• **DATASET SECTION**:
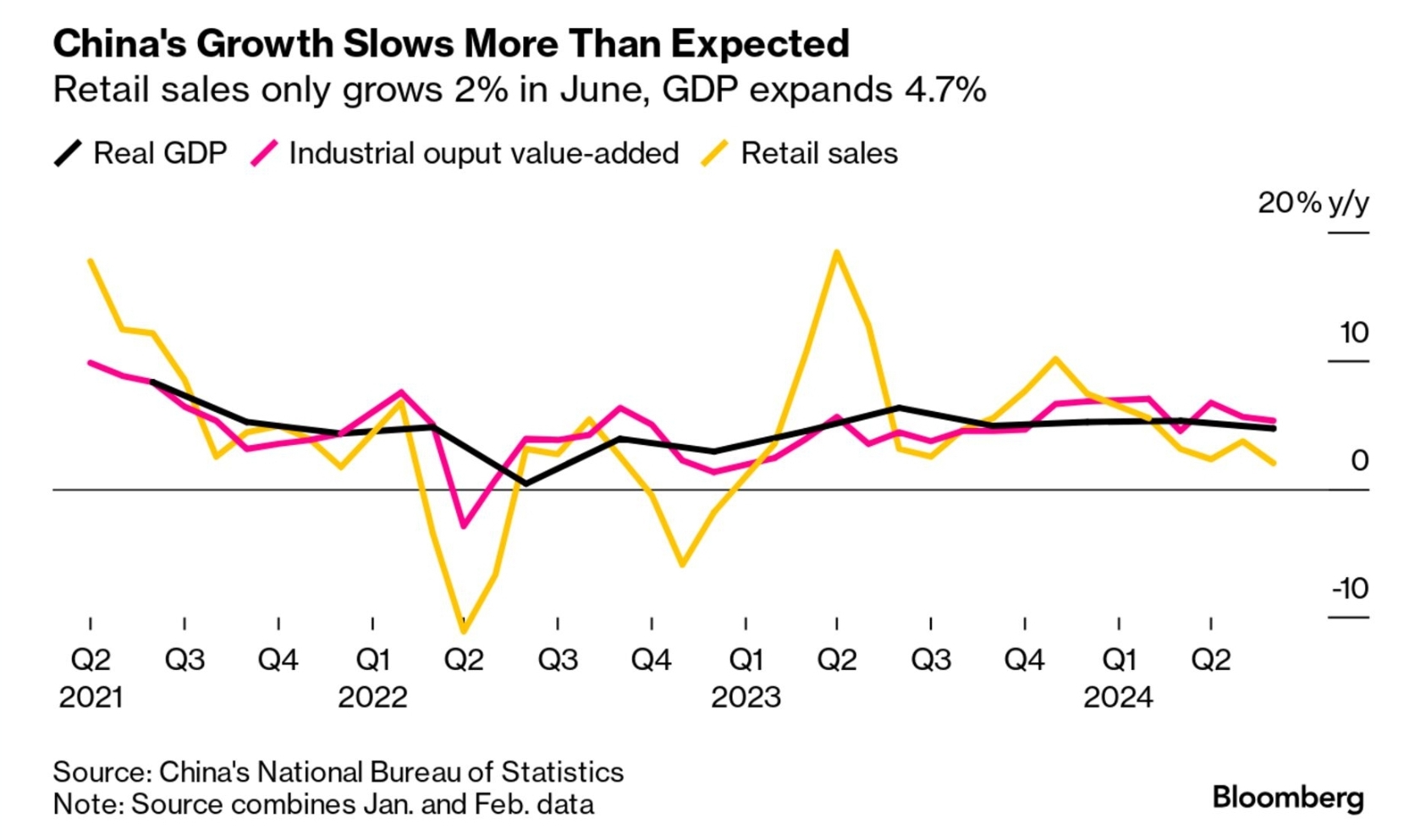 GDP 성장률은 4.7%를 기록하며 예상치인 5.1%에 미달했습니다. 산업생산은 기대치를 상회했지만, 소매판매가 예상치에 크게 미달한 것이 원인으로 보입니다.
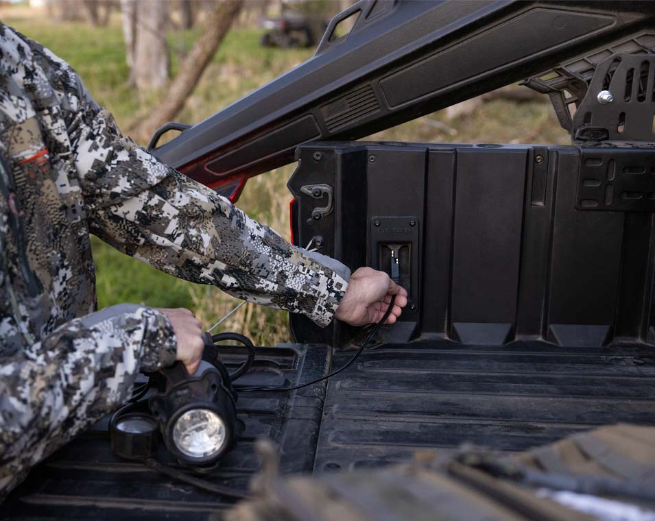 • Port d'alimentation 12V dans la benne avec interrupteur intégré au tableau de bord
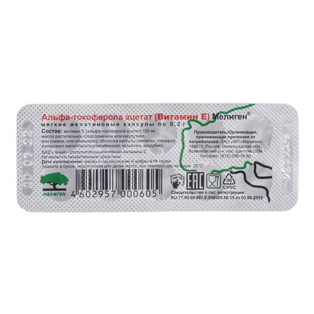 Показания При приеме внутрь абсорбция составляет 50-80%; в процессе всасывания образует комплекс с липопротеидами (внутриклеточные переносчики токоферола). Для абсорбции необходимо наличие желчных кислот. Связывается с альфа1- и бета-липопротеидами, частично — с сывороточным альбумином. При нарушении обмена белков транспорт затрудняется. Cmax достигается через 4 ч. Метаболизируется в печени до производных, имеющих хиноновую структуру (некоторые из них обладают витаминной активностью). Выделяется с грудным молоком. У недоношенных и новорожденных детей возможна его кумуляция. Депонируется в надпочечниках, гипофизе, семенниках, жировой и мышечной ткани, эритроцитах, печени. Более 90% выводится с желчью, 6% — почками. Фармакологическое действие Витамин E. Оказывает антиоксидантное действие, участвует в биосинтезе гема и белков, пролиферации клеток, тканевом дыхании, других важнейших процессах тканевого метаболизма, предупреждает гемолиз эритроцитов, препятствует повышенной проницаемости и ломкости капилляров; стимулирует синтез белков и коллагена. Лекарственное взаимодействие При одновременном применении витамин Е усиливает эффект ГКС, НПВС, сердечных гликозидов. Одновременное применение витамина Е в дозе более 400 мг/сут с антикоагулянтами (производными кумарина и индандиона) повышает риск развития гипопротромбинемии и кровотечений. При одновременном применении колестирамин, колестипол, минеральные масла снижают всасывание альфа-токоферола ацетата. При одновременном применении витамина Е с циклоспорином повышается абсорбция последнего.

• **WHAT THIS TASK INVOLVES**: Drop the images, then copy the data exactly.

• **SOLVED PROBLEM**:
 GDP 성장률은 4.7%를 기록하며 예상치인 5.1%에 미달했습니다. 산업생산은 기대치를 상회했지만, 소매판매가 예상치에 크게 미달한 것이 원인으로 보입니다.
 • Port d'alimentation 12V dans la benne avec interrupteur intégré au tableau de bord
 Показания При приеме внутрь абсорбция составляет 50-80%; в процессе всасывания образует комплекс с липопротеидами (внутриклеточные переносчики токоферола). Для абсорбции необходимо наличие желчных кислот. Связывается с альфа1- и бета-липопротеидами, частично — с сывороточным альбумином. При нарушении обмена белков транспорт затрудняется. Cmax достигается через 4 ч. Метаболизируется в печени до производных, имеющих хиноновую структуру (некоторые из них обладают витаминной активностью). Выделяется с грудным молоком. У недоношенных и новорожденных детей возможна его кумуляция. Депонируется в надпочечниках, гипофизе, семенниках, жировой и мышечной ткани, эритроцитах, печени. Более 90% выводится с желчью, 6% — почками. Фармакологическое действие Витамин E. Оказывает антиоксидантное действие, участвует в биосинтезе гема и белков, пролиферации клеток, тканевом дыхании, других важнейших процессах тканевого метаболизма, предупреждает гемолиз эритроцитов, препятствует повышенной проницаемости и ломкости капилляров; стимулирует синтез белков и коллагена. Лекарственное взаимодействие При одновременном применении витамин Е усиливает эффект ГКС, НПВС, сердечных гликозидов. Одновременное применение витамина Е в дозе более 400 мг/сут с антикоагулянтами (производными кумарина и индандиона) повышает риск развития гипопротромбинемии и кровотечений. При одновременном применении колестирамин, колестипол, минеральные масла снижают всасывание альфа-токоферола ацетата. При одновременном применении витамина Е с циклоспорином повышается абсорбция последнего.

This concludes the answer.